Limulus Amebocyte Lysate (LAL) tests detect and quantify bacterial endotoxins extracted from the outer membrane of gram negative bacteria. The critical component of the LAL reagents used in endotoxin tests is derived from blood cells (amebocytes) of the horseshoe crab, Limulus polyphemus. It contains the proteins of the blood clotting mechanism, which is triggered by endotoxins. LAL reagents are primarily used to test for endotoxins in injectable pharmaceuticals, biological products, and medical devices. They are also used in renal dialysis centers and a wide range of other applications.
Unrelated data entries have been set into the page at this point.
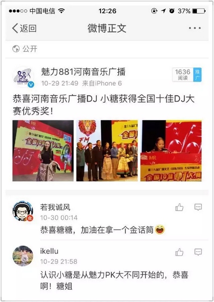 2016全國十佳DJ大賽,風云聚首!魅力881河南電臺音樂廣播DJ小糖榜上有名,恭喜DJ小糖獲得全國十佳DJ大賽優(yōu)秀獎!
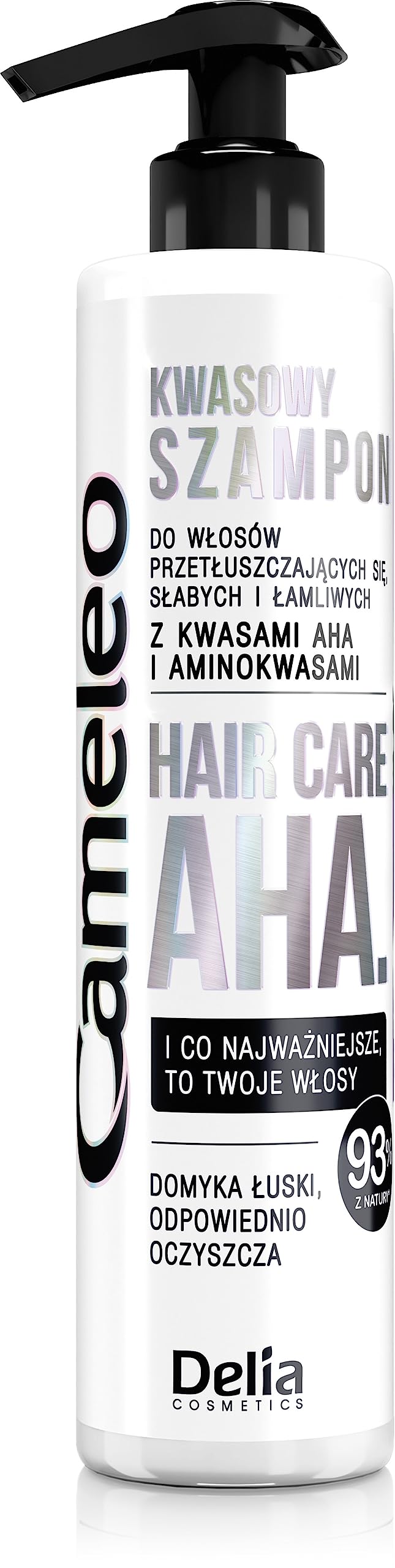 Cameleo - AHA Hair Care - Shampooing acide - Cheveux gras, faibles et cassants - Ferme les cuticules des cheveux - Nettoie en profondeur - Acides aminés - 250 ml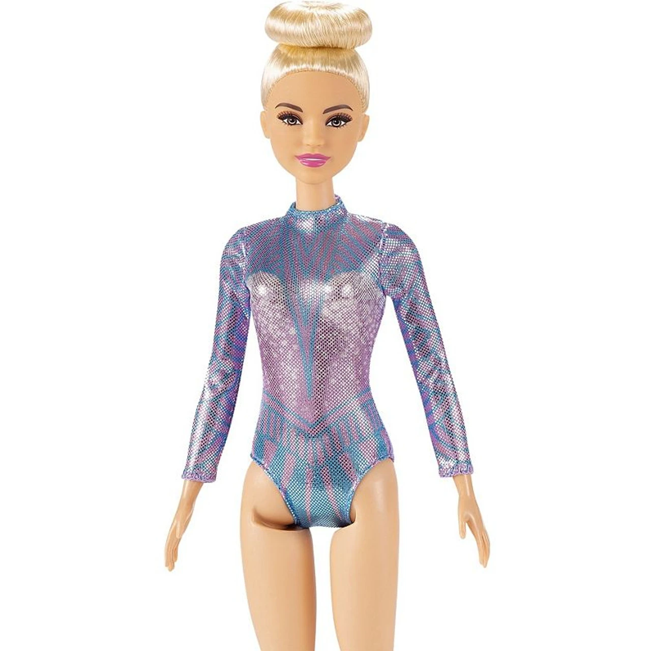 - ​Wearing a colorful metallic leotard and cute bun updo, Barbie® rhythmic gymnast doll (12-in/30.40-cm) is ready to perform rhythmic gymnast moves! ​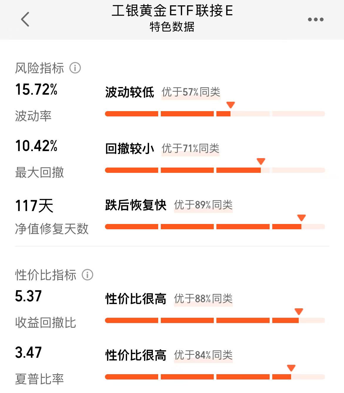 工银黄金ETF联接E基金在获得高收益的同时,展现出优秀的风险控制能力。根据最新数据: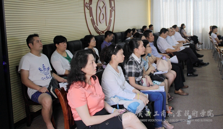 2015年9月14日下午,學院院長陳杰教授的第一堂思想政治理論課暨院長公開課在2214視頻會議室進行。學院黨委覃武云書記、蒙啟成副書記、李維副院長、韋勝強處長、各系部領導、各專業負責人以及社科部全體教師和營策1502、物流1503、工商1507班全體同學聆聽了本次公開課。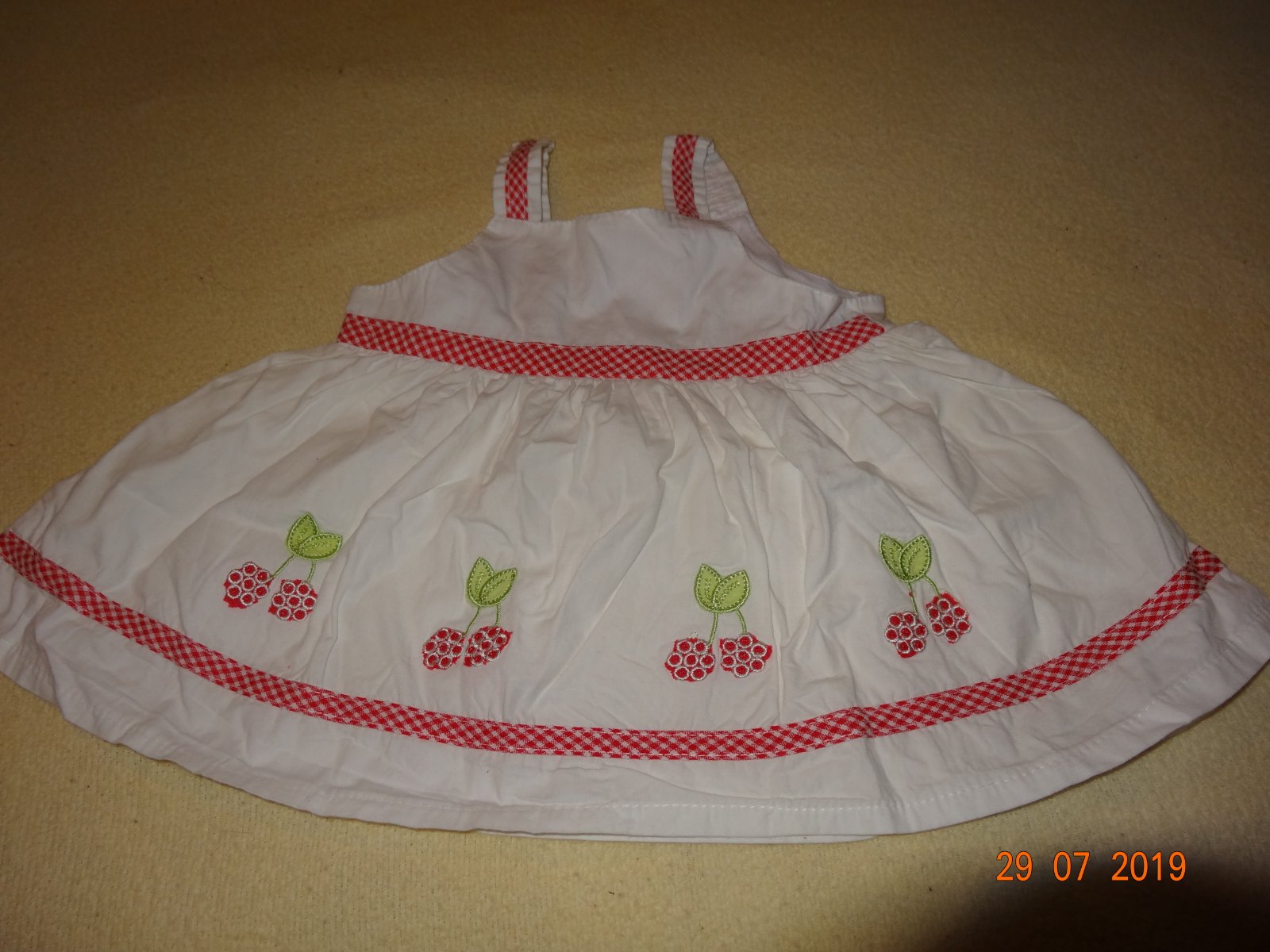 Prodám dívčí letní lehké plátěné šatičky v perfektním stavu, velikost 62 - 68, složení 100 % bavlna. Cena šatiček je: 85 Kč + poštovné. Krabice č. 11.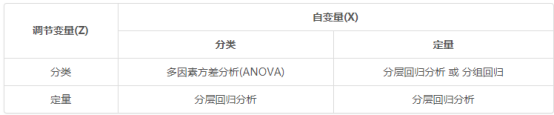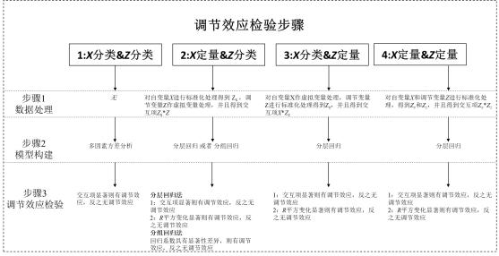 - 调节作用通常是使用分层回归进行研究,如果X和Z均为分类数据,则使用多因素方差分析(通常是双因素方差分析)进行研究。针对上图,需要说明如下: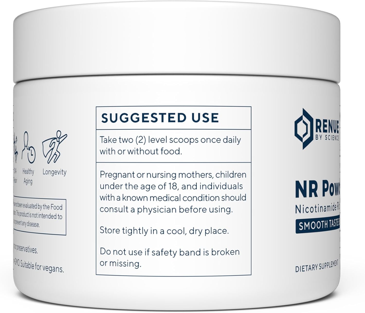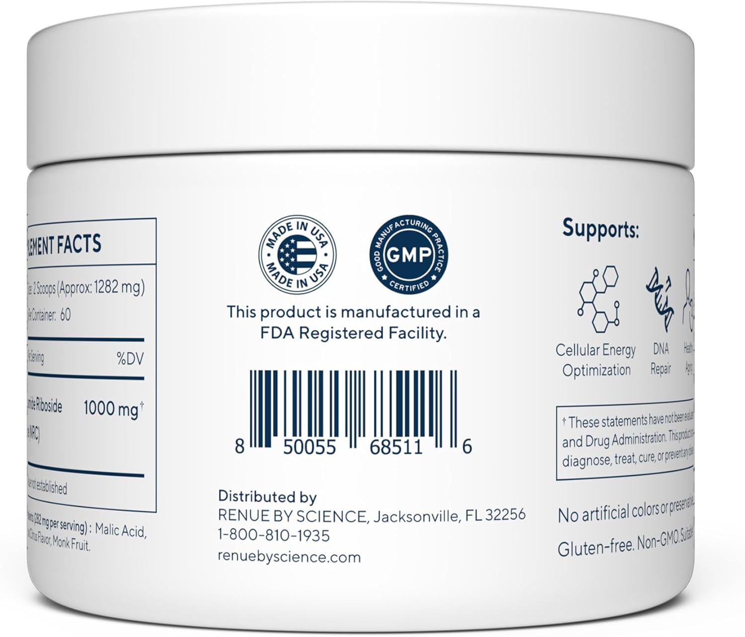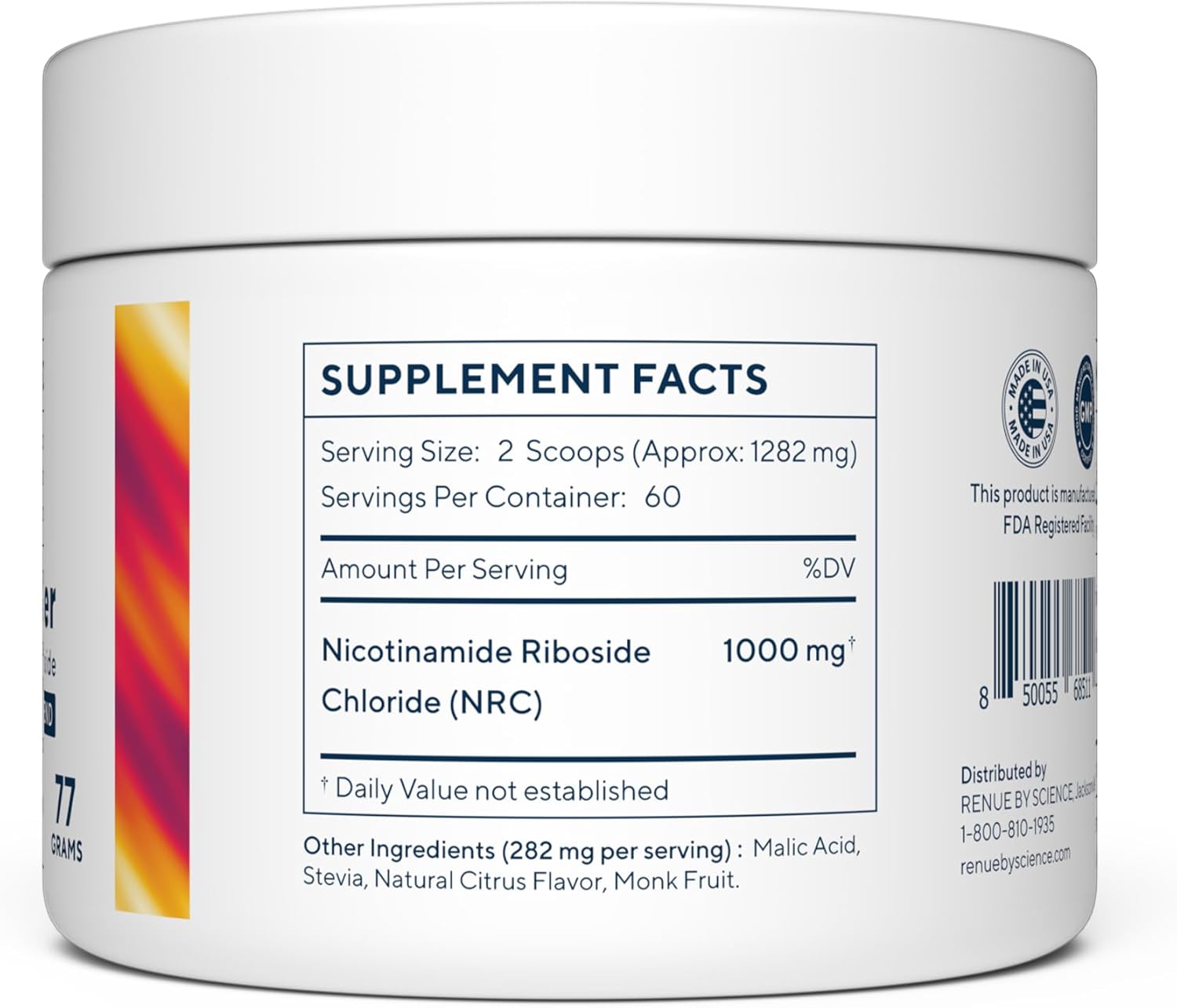 Renue By Science Nicotinamide Riboside Powder, 1000mg NAD Precursor, High Potency NR Sublingual Citrus Burst Flavor for Cellular Health, Rejuvenation, Neuroprotection, and Longevity, 60 Servings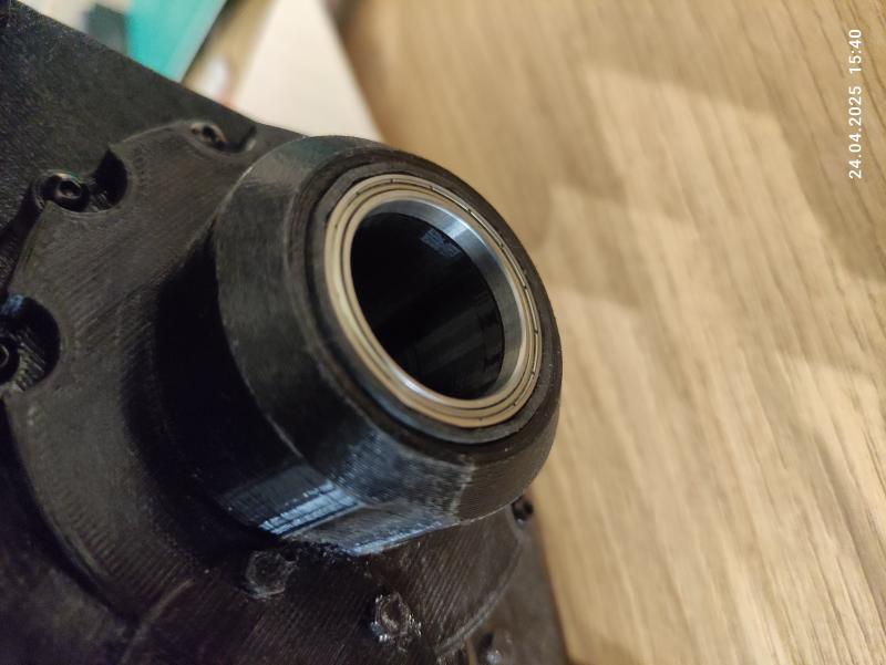 da ja leider die Normteile aufgrund der Skalierung des Modells auf 1/6 nicht mehr passen, habe ich die Außenseite der Antriebsachse als Mass genommen und Einsätze drumherum konstruiert l. So liegt die Achse sauber im Lager.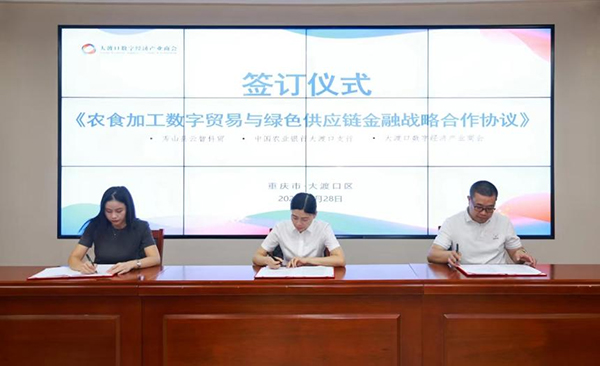 農(nóng)行重慶大渡口支行、大渡口區(qū)數(shù)字經(jīng)濟(jì)產(chǎn)業(yè)商會(huì)、秀山云智科貿(mào)現(xiàn)場(chǎng)簽訂《農(nóng)食加工數(shù)字貿(mào)易與綠色供應(yīng)鏈金融戰(zhàn)略合作協(xié)議》,未來(lái)將為秀山縣茶產(chǎn)業(yè)示范村鐘靈鎮(zhèn)凱堡村與大渡口區(qū)蜂窩壩村之間的產(chǎn)業(yè)合作提供切實(shí)助力。(曾英豪)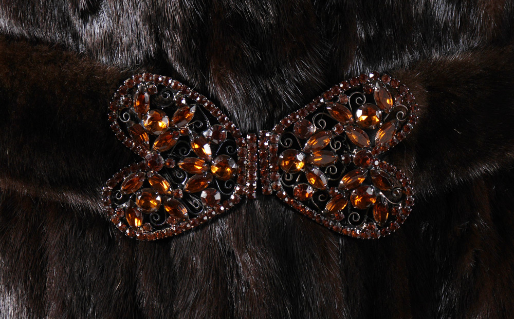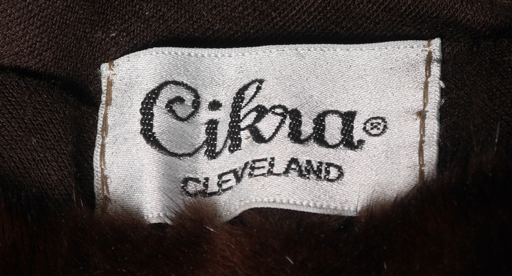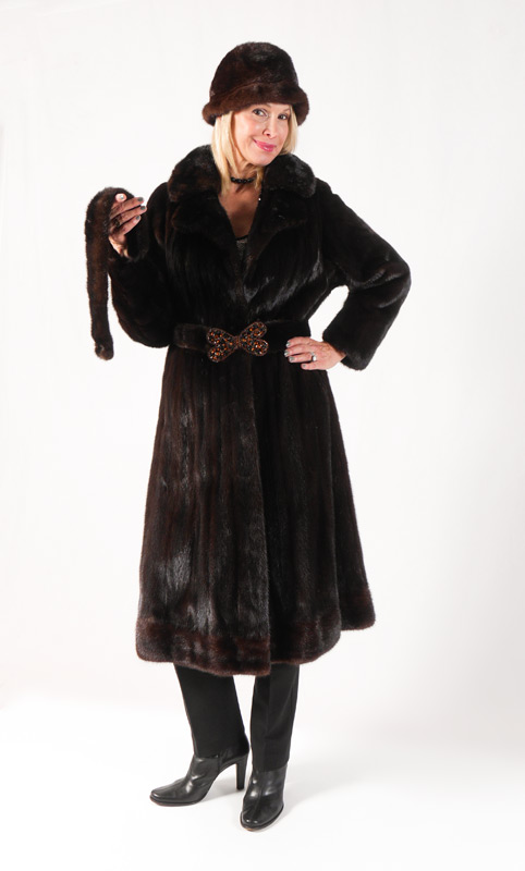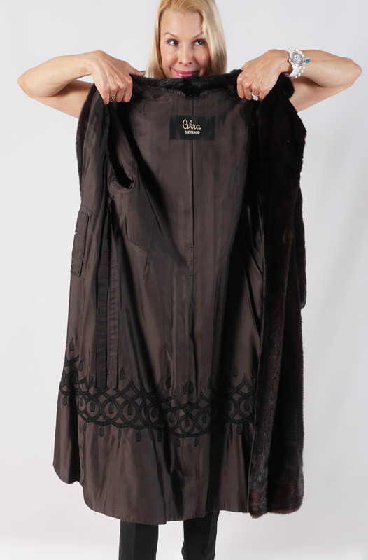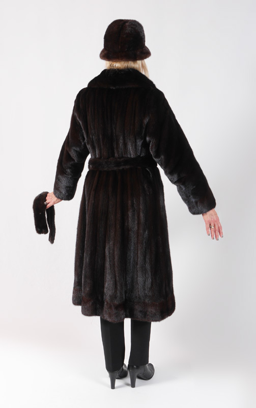 FULL LENGTH MINK FUR COAT WITH HAT: Deepest brown/black fur, sold with butterfly rhinestone belt and hat. Cikra of Cleveland label. Measures approx. 45'' collar to hem, 17'' shoulder to shoulder and 22'' shoulder to cuff.

LAL tests are described in the Bacterial Endotoxins Test chapter in the United States Pharmacopeia (Chapter <85>) and in the equivalent chapters in the European Pharmacopoeia (Chapter 2.6.14) and the Japanese Pharmacopoeia (General Tests, No. 4.01).

LAL Test Methods

There are three principal LAL test methods: the gel-clot, turbidimetric and chromogenic methods. The latter two may be grouped together as photometric methods as they require an optical reader.

Gel-clot Method

This is the simplest LAL test. The formation of a gel-clot indicates the presence of endotoxin in a sample. The method is performed in small test tubes and is read manually by inverting the test tubes. The maximum sensitivity is 0.03 EU/mL.

  • Requires non-circulating water bath or dry bath incubator
  • Manually read test
  • Reagents of differing sensitivity available: 0.5 (STV only), 0.25, 0.125, 0.06 and 0.03 EU/mL
  • May be less sensitive to interference than other LAL methods
  • Is the "gold standard" for the great majority of products in the United States, European and Japanese pharmacopeia (i.e. it is the default method used to resolve a dispute)
Turbidimetric Method

The optical density (turbidity) increase that accompanies the clotting reaction is read in the Pyros Kinetix® Flex tube reader or in a incubating microplate reader. The maximum sensitivity of 0.001 EU/mL can be achieved when uising ACC's Pyrotell®-T reagent in our Pyros Kinetix® or Pyros Kinetix® Flex tube reader.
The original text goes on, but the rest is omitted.